Надо осмотреться, нет ли еще где вражеских машин. Батюшки! Сзади еще шесть «фоккеров» идут своим навстречу. Что за чудеса? Тактическая хитрость? До сих пор немцы — твердые приверженцы раз и навсегда установленной методики действий — не проявляли подобной гибкости. Что, жизнь заставляет? Извлекают уроки из горького опыта?
Как два поезда на параллельных рельсах, обе группы противника разминулись, едва не зацепив друг друга крыльями, и стали удаляться каждый в свою сторону. Что это значит? Почему они уходят? «Высота! — мелькнуло в голове Мартена. — Знают о слабости «яка»; выше пяти тысяч метров он хуже управляется. А, черт, как же я сразу не сообразил этого? Фашисты, имея больший запас горючего, дождутся, пока мы будем вынуждены уйти, а потом приступят к своему черному делу. Ну что ж, придется ответить на хитрость хитростью».

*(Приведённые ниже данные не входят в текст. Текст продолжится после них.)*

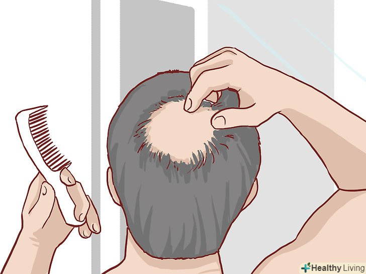 Перевіряйте стан верхівки.на додаток до витончення і порідіння волосся у передній лінії їх зростання, той же самий процес може спостерігатися і на маківці.[13] іноді порідіння верхівки передує відступання передньої лінії росту волосся, іноді воно настає пізніше, а часом відбувається одночасно. Як вже говорилося, волосяні фолікули верхівки чутливі до рівня ДГТ, причому помітно сильніше, ніж ділянки волосся над вухами і на потилиці.- Щоб перевірити стан волосся на маківці, вам буде потрібно піднести ручне дзеркальце до верхівки і поглянути в нього через стаціонарне дзеркало. В якості альтернативи, можна попросити кого-небудь сфотографувати вашу верхівку. Щоб оцінити ступінь випадіння волосся, порівнюйте фотографії верхівки різної давності.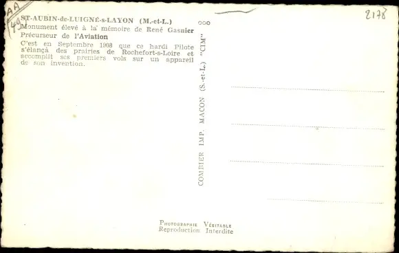 Ak Saint Aubin de Luigné Maine et Loire, Monument eleve a la memoire de Rene Gasnier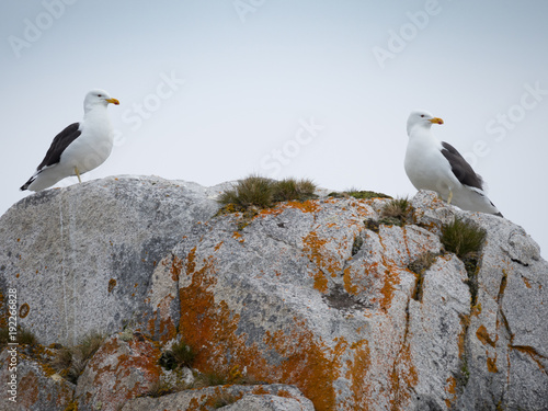 © tloventures, Obraz premium A Pair of Kelp Gulls standing and facing each other while on a rock face with orange and gold lichen growing on it.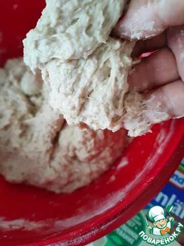 Вот такая структура теста. Оно очень липкое. Но муки добавлять не надо.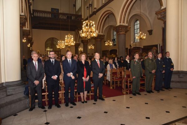 Μετά το τέλος της Θείας Λειτουργίας τελέστηκε η Δοξολογία επί τη επετείω της 28ης Οκτωβρίου με την παρουσία των Διπλωματικών Αρχών της Ελλάδος στο Βέλγιο με επικεφαλής τον Πρέσβυ κ. Διονύσιο Καλαμβρέζο και των Στρατιωτικών Αρχών της Ελλάδος στο ΝΑΤΟ με επικεφαλής τον Αντιστράτηγο κ. Πέτρο Δεμέστιχα.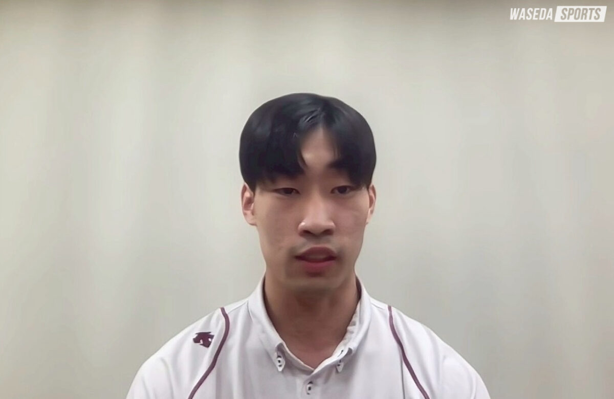12月1日に開会式を迎える全日本大学選手権大会(全日本インカレ)直前に、シード校の男女4チームの主将が記者発表に登壇した。早大からは前田凌吾主将(スポ4=大阪・清風)が参加し、各主将が1年の集大成に向け意気込みを語った。12月2日に大田区総合体育館にてびわこ成蹊スポーツ大学との初戦が行われる。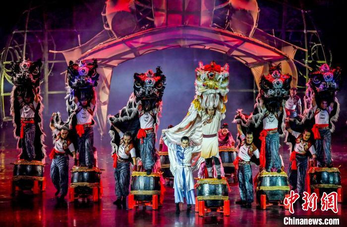 由广州歌舞剧院带来的大型民族舞剧《醒·狮》在乌鲁木齐文化中心大剧院上演,这也是该剧首次走进新疆。刘新 摄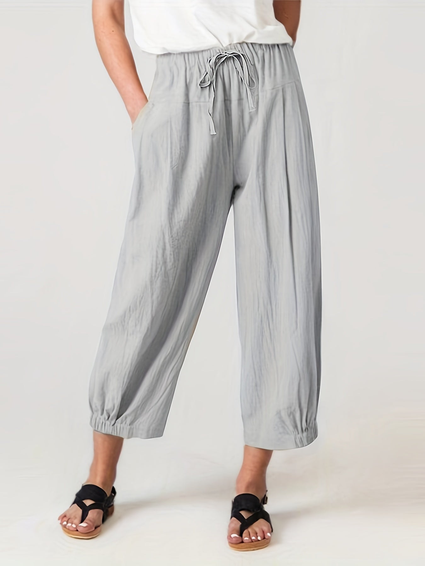 Luchtig en Comfortabel: Gemaakt van hoogwaardig materiaal, biedt deze broek een ademende en comfortabele pasvorm. De elastische tailleband met trekkoord zorgt voor een perfecte pasvorm en ultiem gemak.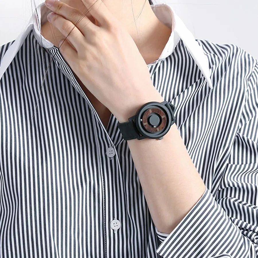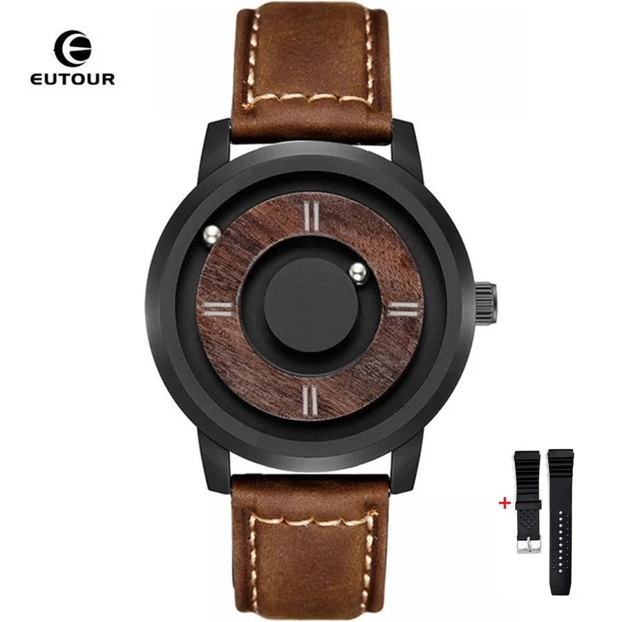 Часы наручные EUTOUR мужские с деревянным магнитным шариком, Роскошные Кварцевые, с деревянным браслетом из нержавеющей стали, 2021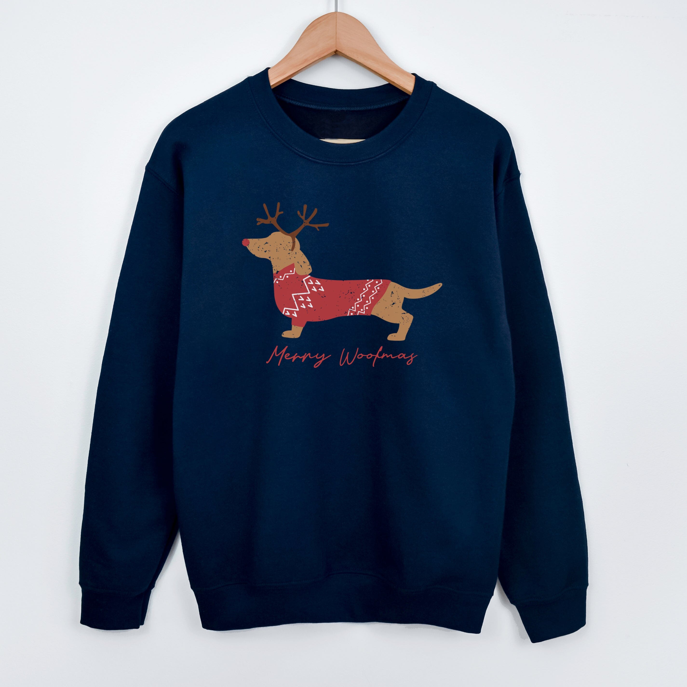 We had to have a festive dachshund in our Christmas Collection! This navy sweatshirt features a sausage dog illustration, in a modern, distressed style with the words 'Merry Woofmas'.

— Курс — на аэродром! — передал он ведомым. Те, недоумевая, развернулись и последовали за командиром.
Молча, на максимальной скорости шли минут десять. «Достаточно», — решил Мартен:
— Боевой разворот — на обратный курс!
Четыре истребителя, как привязанные друг к другу, круто взмыли вверх до предельно возможной высоты, там стали в горизонтальный полет и полным ходом устремились туда, откуда только что ушли.
«Фоккеры», уверенные в том, что перехитрили «яков» — теперь никто им не будет мешать, — сошлись, снизились, стали перестраиваться для нанесения бомбового удара.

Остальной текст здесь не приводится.